In the obituary I reproduce below, the anti-imperialist anthropologist Kathleen Gough summarized Ahmad’s work and traced his intellectual itinerary as he moved from the Anglo-American social anthropology he was trained in at Michigan State, to the more critical Marxism that charaecterizes his later work. Gough was Ahmad’s colleague at Simon Fraser University’s Political Science, Sociology, and Anthropology (PSA) department. As Gough recounts briefly, Ahmad arrived on campus amid a serious struggle over the university that his department was deeply enmeshed in. 

The faculty and students of the PSA had resolved in 1969, like those involved with Lumumba-Zapata College at UCSD at around the same time, to develop a radically different way of organizing research and teaching in the university. The department was restructured around three key principles: first, the task of democratizing the university, wherein staff, faculty, and students all had a say in the goings on of the department, including decisions over tenure; second, a commitment to a critical social scientific practice, attuned to a “humane social order” not the needs of governments and corporations; and third, an obligation to integrate their research with the political efforts of oppressed communities beyond the university in British Columbia. Simon Fraser’s administration, however, was not keen on these radical ideas, refusing to acknowledge, among other things, the department’s tenure decisions.

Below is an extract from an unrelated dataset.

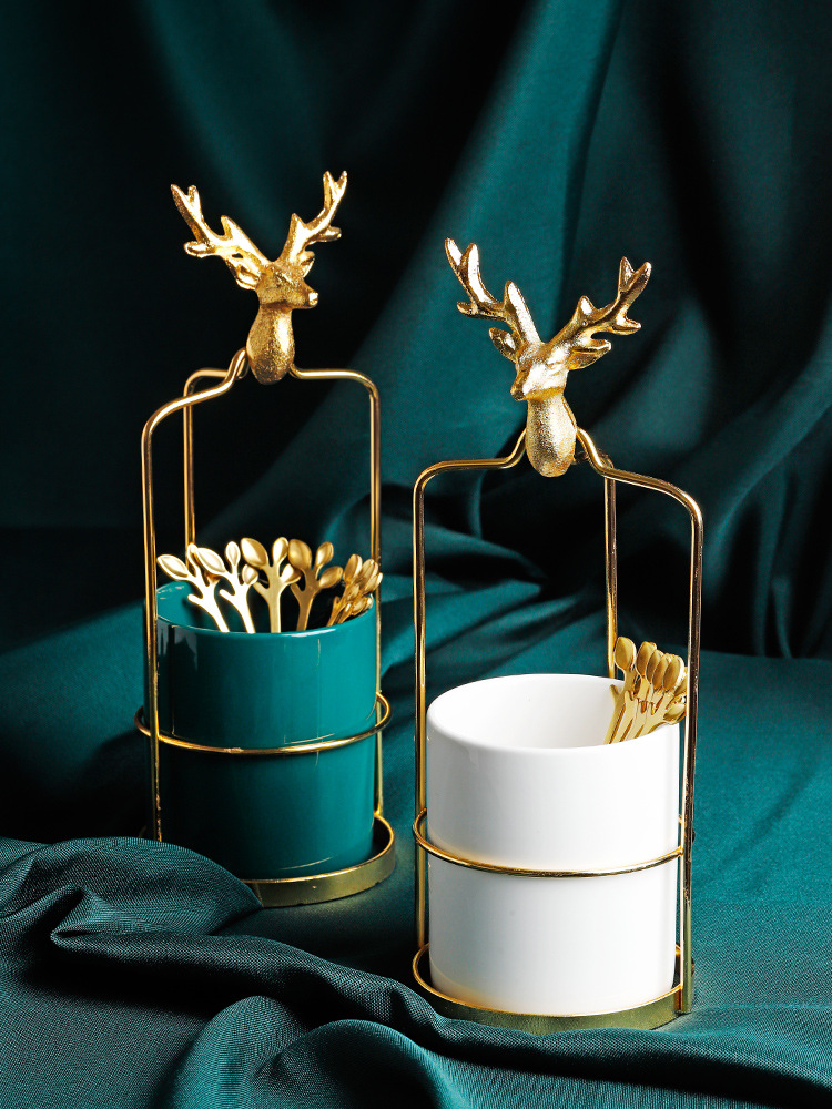 3style: Nordic deer gold frame + emerald light luxury jar + fruit fork × 6,

Eight faculty members, including Saghir Ahmad, were suspended and later dismissed in the upheaval. In May 1971, the Canadian Association of University Teachers (CAUT), censured Simon Fraser for its actions, a censure which would last until 1977.⁴    

The department was an important site for Ahmad’s transformation as a scholar. Mordecia Benjamin, the dismissed chair of the PSA, wrote in 1970 that the department aimed to abandon the disciplines and “inter-disciplines,” seeking instead to focus their intellectual efforts at understanding “the process of capitalism, imperialism and revolution.”⁵ Lectures and seminars were convened to consider how the world functioned under capitalism and how it might be changed. Among those invited were Harry Magdoff, Ernest Mandel, Eric Wolf, William Hinton, Mary Oppenheimer, Robert Fitch, Grace Lee and James Boggs, Herbert Marcuse, and Marvin Harris.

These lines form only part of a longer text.